[[ Stored data, beginning ]]

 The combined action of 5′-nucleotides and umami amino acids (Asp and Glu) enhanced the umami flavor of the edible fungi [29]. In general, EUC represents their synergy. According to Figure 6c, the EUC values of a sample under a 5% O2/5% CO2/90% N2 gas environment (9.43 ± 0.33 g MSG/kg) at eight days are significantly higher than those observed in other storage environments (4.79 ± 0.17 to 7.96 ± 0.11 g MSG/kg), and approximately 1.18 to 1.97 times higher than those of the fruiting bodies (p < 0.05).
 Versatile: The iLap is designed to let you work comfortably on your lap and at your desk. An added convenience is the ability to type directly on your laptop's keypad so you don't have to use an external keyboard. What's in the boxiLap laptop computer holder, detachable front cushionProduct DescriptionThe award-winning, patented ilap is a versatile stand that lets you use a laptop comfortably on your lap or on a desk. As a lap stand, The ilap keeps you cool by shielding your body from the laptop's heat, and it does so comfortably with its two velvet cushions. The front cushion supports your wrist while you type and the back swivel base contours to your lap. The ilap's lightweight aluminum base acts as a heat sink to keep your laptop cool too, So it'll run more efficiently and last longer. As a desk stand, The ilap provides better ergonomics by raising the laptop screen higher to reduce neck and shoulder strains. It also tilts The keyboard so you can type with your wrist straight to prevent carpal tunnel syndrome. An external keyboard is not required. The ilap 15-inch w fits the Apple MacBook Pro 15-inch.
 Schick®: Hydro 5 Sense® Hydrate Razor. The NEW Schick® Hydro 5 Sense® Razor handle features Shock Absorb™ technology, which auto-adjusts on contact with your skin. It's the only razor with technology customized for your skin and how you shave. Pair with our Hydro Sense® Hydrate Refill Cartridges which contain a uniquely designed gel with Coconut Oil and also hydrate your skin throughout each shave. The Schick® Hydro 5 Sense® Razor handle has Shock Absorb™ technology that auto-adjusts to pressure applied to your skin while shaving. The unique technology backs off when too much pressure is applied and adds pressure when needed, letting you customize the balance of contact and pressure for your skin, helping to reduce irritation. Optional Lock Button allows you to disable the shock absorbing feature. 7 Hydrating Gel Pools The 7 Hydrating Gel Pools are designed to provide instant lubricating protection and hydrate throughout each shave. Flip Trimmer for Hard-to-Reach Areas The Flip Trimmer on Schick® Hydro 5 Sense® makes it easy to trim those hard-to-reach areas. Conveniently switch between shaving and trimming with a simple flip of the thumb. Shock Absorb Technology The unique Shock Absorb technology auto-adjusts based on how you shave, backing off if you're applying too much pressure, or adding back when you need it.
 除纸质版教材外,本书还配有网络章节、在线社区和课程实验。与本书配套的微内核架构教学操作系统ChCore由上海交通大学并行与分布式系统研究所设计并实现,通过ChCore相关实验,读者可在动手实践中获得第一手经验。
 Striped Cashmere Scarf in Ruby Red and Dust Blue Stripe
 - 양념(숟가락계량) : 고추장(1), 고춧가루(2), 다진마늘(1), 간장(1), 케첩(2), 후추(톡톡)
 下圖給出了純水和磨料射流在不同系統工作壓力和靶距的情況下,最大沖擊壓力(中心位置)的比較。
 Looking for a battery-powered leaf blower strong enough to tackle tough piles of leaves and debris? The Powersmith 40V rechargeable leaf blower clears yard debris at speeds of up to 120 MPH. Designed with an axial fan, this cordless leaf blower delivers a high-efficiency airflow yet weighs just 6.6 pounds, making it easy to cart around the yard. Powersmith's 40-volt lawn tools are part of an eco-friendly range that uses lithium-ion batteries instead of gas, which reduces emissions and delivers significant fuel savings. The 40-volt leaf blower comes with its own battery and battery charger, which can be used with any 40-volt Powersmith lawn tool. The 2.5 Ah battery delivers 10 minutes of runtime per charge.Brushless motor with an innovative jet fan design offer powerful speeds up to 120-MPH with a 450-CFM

[[ Stored data, end ]]
[[ Stored data, beginning ]]

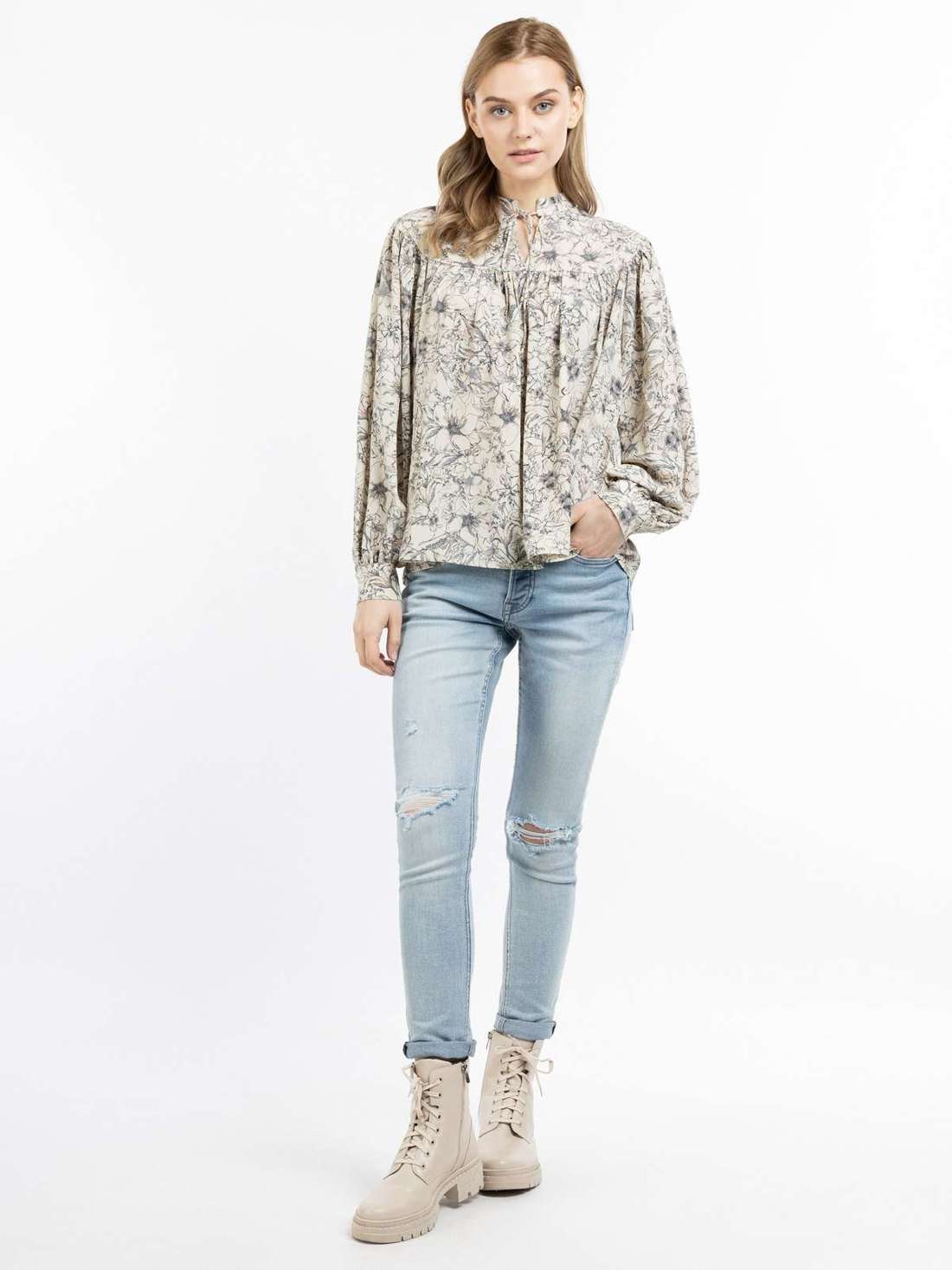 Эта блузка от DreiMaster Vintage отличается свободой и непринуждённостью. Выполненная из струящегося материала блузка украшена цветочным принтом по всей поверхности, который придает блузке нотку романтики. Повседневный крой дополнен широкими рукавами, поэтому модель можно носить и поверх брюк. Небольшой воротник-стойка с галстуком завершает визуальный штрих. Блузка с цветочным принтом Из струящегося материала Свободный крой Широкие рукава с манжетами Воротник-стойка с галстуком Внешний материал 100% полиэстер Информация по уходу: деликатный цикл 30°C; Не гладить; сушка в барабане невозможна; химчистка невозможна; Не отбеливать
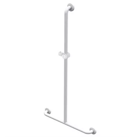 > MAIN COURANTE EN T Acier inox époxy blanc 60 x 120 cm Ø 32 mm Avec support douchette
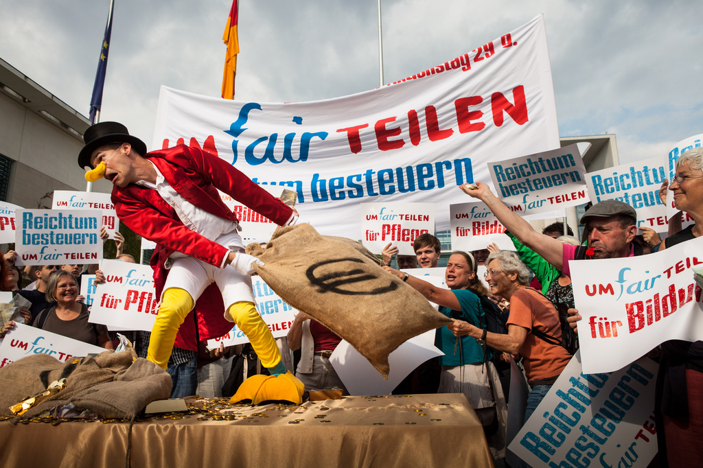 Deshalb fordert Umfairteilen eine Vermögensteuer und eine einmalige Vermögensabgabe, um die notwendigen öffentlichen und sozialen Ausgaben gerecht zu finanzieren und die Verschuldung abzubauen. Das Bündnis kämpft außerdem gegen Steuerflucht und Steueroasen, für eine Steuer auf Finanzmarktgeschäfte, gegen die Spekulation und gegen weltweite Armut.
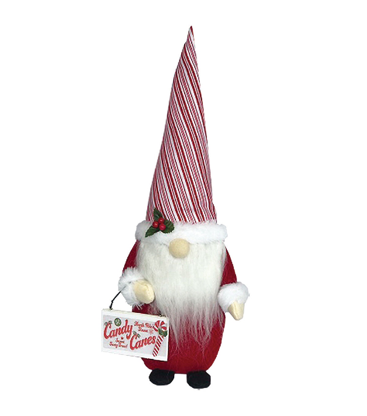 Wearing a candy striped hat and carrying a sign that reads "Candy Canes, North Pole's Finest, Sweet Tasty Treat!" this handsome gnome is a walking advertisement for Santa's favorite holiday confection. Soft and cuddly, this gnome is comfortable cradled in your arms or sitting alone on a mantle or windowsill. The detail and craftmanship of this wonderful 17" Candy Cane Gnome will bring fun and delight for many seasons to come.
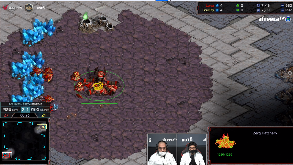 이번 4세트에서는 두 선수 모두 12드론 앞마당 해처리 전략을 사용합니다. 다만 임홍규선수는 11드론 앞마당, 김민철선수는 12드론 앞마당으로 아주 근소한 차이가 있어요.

[[ Stored data, end ]]

Your task: Restate word for word the lines of the data above, starting at the line containing "The combined action" and ending at the line containing "Versatile: The iLap", both included, and nothing more.

Result:
 The combined action of 5′-nucleotides and umami amino acids (Asp and Glu) enhanced the umami flavor of the edible fungi [29]. In general, EUC represents their synergy. According to Figure 6c, the EUC values of a sample under a 5% O2/5% CO2/90% N2 gas environment (9.43 ± 0.33 g MSG/kg) at eight days are significantly higher than those observed in other storage environments (4.79 ± 0.17 to 7.96 ± 0.11 g MSG/kg), and approximately 1.18 to 1.97 times higher than those of the fruiting bodies (p < 0.05).
 Versatile: The iLap is designed to let you work comfortably on your lap and at your desk. An added convenience is the ability to type directly on your laptop's keypad so you don't have to use an external keyboard. What's in the boxiLap laptop computer holder, detachable front cushionProduct DescriptionThe award-winning, patented ilap is a versatile stand that lets you use a laptop comfortably on your lap or on a desk. As a lap stand, The ilap keeps you cool by shielding your body from the laptop's heat, and it does so comfortably with its two velvet cushions. The front cushion supports your wrist while you type and the back swivel base contours to your lap. The ilap's lightweight aluminum base acts as a heat sink to keep your laptop cool too, So it'll run more efficiently and last longer. As a desk stand, The ilap provides better ergonomics by raising the laptop screen higher to reduce neck and shoulder strains. It also tilts The keyboard so you can type with your wrist straight to prevent carpal tunnel syndrome. An external keyboard is not required. The ilap 15-inch w fits the Apple MacBook Pro 15-inch.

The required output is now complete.